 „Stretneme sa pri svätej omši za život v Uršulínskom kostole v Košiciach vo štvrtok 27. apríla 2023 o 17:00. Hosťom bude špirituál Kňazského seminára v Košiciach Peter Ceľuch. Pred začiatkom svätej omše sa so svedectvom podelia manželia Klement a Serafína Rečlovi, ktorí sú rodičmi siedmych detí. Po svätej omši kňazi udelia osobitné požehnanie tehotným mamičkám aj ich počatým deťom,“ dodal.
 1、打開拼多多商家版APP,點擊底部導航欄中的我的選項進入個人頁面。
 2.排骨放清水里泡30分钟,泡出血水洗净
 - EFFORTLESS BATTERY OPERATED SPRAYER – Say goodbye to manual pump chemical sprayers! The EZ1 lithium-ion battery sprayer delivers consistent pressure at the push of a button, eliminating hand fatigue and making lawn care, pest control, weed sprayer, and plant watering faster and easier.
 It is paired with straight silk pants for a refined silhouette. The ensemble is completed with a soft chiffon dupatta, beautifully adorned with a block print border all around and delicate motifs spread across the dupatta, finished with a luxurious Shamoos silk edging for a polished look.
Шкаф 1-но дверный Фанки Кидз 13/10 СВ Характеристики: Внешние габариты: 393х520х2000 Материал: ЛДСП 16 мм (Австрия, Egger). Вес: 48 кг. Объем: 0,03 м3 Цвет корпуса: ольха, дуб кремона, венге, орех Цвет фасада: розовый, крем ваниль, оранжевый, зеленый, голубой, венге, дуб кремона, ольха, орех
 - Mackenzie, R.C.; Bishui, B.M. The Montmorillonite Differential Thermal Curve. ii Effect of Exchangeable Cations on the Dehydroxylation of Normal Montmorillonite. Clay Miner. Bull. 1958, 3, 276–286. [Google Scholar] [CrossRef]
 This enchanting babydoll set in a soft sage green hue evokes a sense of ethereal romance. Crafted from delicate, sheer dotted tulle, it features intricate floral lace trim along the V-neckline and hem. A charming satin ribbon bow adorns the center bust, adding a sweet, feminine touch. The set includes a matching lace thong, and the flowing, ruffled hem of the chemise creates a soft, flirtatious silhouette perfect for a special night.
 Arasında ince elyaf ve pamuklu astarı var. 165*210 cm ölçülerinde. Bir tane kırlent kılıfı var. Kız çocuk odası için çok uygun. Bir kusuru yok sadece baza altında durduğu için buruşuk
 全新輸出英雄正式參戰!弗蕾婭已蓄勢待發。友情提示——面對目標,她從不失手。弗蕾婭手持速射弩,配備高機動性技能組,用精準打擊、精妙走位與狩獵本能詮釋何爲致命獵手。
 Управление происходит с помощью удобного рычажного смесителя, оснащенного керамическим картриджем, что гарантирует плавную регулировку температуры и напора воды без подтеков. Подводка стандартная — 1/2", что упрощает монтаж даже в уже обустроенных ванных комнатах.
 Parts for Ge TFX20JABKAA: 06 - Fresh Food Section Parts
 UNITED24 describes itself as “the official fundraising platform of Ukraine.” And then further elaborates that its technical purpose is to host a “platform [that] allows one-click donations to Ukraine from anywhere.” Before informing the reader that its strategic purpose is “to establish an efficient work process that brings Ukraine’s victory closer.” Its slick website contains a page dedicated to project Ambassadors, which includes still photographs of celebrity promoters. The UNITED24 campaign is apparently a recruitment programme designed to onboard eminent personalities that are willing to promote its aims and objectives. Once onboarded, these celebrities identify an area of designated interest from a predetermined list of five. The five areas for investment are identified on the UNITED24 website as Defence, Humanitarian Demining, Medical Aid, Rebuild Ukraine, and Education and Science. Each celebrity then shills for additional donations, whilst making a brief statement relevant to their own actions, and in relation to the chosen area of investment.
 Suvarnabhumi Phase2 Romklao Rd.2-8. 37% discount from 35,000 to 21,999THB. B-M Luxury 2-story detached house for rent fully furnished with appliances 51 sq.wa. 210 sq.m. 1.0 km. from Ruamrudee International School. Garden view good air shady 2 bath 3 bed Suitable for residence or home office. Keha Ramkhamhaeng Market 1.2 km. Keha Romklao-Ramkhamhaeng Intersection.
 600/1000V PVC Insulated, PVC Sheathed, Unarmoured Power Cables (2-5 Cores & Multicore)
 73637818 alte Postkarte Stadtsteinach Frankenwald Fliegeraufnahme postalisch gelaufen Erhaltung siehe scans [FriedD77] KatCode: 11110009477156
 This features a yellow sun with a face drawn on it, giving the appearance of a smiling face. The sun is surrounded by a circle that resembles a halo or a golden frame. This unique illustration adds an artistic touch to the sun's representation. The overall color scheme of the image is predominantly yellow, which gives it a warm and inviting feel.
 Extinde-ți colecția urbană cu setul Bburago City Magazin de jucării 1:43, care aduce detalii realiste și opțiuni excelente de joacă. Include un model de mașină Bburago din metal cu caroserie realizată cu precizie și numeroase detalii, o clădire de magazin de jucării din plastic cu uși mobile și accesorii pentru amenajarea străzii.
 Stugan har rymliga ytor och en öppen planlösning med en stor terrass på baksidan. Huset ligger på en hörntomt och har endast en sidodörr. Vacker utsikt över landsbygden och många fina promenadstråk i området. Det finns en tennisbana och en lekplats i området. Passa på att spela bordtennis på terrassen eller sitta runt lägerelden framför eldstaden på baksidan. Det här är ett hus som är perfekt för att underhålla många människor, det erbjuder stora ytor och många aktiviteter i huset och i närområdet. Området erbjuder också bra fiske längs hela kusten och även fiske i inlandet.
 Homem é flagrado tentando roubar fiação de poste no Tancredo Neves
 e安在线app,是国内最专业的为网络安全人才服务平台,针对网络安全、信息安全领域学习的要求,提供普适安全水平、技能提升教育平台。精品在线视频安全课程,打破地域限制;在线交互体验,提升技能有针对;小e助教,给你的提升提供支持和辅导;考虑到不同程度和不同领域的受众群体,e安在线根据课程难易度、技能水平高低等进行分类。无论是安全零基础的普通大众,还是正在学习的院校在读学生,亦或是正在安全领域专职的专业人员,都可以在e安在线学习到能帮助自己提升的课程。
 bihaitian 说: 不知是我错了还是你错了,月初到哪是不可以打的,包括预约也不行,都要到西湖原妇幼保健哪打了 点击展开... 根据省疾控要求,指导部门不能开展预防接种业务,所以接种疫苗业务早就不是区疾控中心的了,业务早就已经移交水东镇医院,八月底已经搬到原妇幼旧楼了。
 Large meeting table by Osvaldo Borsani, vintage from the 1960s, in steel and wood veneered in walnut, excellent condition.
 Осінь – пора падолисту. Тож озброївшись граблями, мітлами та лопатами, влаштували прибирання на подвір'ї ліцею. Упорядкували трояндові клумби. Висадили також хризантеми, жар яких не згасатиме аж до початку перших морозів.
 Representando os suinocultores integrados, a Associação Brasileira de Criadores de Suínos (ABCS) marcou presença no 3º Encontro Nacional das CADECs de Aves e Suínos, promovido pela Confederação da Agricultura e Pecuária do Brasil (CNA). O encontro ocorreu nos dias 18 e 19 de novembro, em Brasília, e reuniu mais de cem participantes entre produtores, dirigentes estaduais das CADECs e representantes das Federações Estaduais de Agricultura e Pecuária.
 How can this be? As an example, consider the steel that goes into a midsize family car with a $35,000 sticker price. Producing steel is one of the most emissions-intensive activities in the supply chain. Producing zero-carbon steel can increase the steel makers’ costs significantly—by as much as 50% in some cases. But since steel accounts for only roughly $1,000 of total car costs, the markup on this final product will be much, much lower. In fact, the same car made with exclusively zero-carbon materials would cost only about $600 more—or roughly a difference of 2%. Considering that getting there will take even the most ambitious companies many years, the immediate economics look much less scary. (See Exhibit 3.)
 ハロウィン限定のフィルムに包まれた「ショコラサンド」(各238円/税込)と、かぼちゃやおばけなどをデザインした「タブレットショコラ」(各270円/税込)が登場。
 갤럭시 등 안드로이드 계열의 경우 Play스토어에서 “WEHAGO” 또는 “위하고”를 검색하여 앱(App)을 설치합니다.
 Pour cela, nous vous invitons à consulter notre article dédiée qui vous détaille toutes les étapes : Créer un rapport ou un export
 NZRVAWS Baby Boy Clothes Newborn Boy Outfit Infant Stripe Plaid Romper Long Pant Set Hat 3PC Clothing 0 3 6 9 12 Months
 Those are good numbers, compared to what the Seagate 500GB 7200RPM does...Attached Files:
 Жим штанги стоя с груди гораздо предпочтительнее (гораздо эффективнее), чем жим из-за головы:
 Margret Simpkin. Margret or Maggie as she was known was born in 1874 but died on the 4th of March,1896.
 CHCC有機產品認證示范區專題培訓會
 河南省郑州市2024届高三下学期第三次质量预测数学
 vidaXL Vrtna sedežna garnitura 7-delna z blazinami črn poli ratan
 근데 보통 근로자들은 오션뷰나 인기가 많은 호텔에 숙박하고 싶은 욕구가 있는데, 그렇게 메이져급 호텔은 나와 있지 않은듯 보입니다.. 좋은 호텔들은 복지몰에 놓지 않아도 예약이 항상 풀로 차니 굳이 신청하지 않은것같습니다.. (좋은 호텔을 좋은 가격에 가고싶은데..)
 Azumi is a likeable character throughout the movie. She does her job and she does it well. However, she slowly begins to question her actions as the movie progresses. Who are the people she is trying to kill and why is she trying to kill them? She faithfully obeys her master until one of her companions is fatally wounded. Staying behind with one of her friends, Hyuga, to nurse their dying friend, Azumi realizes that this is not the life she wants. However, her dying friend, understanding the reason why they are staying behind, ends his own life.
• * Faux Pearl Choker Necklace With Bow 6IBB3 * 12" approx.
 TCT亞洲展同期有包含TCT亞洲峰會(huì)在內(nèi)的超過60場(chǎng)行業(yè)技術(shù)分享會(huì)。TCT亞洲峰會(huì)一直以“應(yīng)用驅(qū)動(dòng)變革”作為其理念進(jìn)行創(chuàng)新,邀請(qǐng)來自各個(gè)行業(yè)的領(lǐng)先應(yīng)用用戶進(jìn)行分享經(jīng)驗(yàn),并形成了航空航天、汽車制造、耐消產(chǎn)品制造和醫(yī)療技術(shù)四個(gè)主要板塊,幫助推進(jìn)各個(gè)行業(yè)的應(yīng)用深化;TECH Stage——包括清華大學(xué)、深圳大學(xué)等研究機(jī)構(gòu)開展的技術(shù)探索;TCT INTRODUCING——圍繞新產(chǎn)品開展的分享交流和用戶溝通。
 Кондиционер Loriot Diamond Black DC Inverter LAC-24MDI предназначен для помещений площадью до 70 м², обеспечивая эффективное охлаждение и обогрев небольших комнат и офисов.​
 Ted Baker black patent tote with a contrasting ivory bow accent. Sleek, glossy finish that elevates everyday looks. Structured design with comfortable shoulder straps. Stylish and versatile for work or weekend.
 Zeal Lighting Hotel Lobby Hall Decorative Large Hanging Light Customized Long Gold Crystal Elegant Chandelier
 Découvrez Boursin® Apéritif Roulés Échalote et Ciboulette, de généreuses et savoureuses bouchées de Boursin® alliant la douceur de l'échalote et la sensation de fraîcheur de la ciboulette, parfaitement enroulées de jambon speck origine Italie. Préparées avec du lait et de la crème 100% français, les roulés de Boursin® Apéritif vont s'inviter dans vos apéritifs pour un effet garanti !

^^^^^^^^^^^^^^^^

WHAT TO WORK ON -> Which lines in the data above hold the string "Large"? Show each one.

SOLUTION TO THIS PROBLEM ->
 Large meeting table by Osvaldo Borsani, vintage from the 1960s, in steel and wood veneered in walnut, excellent condition.
 Zeal Lighting Hotel Lobby Hall Decorative Large Hanging Light Customized Long Gold Crystal Elegant Chandelier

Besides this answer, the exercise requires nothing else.